From the first line of the listing, copy each line exactly until you have included the line with "LDNIO 32W Type-C"; leave out the pictures.

BEGIN

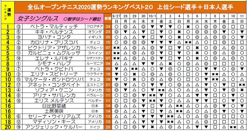 女子シード上位18選手+日本人選手2名の計20名をピックアップし、運勢の良い順にランキング形式で発表しました。
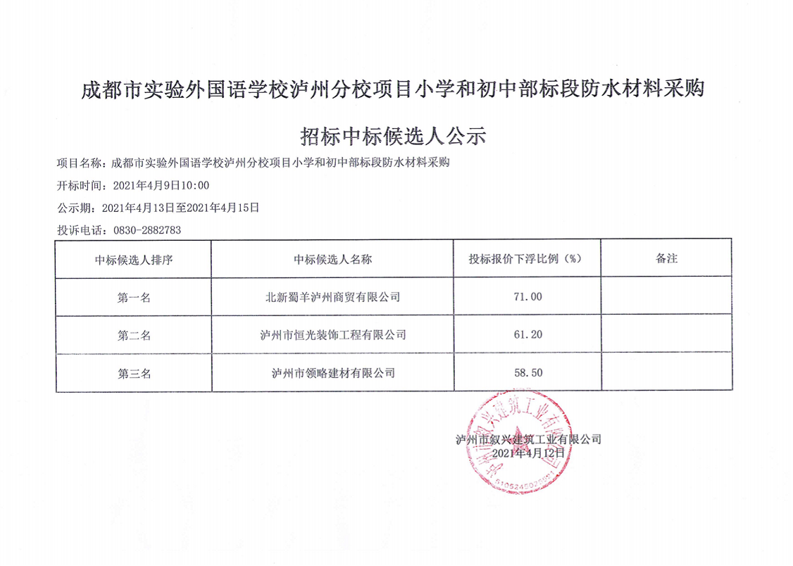成都市實驗外國語學(xué)校瀘州分校項目小學(xué)和初中部標(biāo)段防水材料采購招標(biāo)中標(biāo)候選人公示 作者: 來源: 日期:2021-04-12 瀏覽次數(shù): 次 【字體:小 大】 【打印正文】
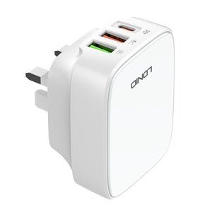 LDNIO 32W Type-C + Dual USB Port Charger with 1m Micro USB Data Cable, Plug Type:UK Plug (White)
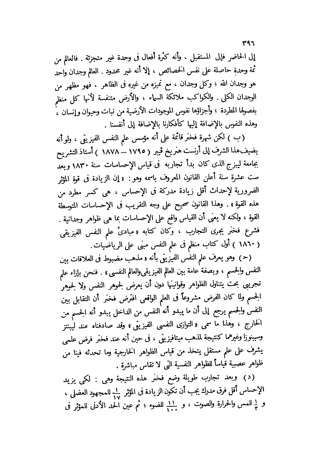 ب- لكن شهرة فخنر قائمة على أنه مؤسس علم النفس الفيزيقي، ولو أنه يضيف هذا الشرف إلى أرنست هنريخ فيبر " 1795 - 1878 " أستاذ التشريح بجامعة ليبزج الذي كان بدأ تجاربه في قياس الإحساسات سنة 1830 وبعد ست عشرة سنة أعلن القانون المعروف باسمه, وهو: "إن الزيادة في قوة المؤثر الضرورية لإحداث أقل زيادة مدركة في الإحساس، هي كسر مطرد من هذه القوة". وهذا القانون صحيح على وجه التقريب في الإحساسات المتوسطة القوة، ولكنه لا يعني أن القياس واقع على الإحساسات بما هي ظواهر وجدانية. فشرع فخنر يجري التجارب, وكان كتابه "مبادئ علم النفس الفيزيقي" " 1860 " أول كتاب منظم في علم النفس مبني على الرياضيات.
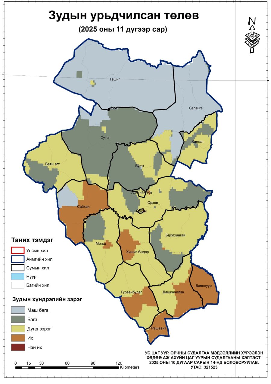 Зудын урьдчилсан төлөвийг газрын ажиглалтын болон хиймэл дагуулын мэдээ буюу ган, зуншлага, 2025-2026 оны өвөл-хаврын бэлчээрийн даац, бэлчээрийн ургац, агаарын температур, хур тунадасны дундажтай харьцуулсан хазайлт, цасны бүрхэц, зузаан болон 11 дүгээр сарын агаарын температур, хур тунадасны урьдчилсан төлөв зэрэг мэдээлэлд үндэслэн нэг сарын урьдчилгаатайгаар тооцоолон гаргасан байна.

END

**TASK RESPONSE**:
 女子シード上位18選手+日本人選手2名の計20名をピックアップし、運勢の良い順にランキング形式で発表しました。
成都市實驗外國語學(xué)校瀘州分校項目小學(xué)和初中部標(biāo)段防水材料采購招標(biāo)中標(biāo)候選人公示 作者: 來源: 日期:2021-04-12 瀏覽次數(shù): 次 【字體:小 大】 【打印正文】
 LDNIO 32W Type-C + Dual USB Port Charger with 1m Micro USB Data Cable, Plug Type:UK Plug (White)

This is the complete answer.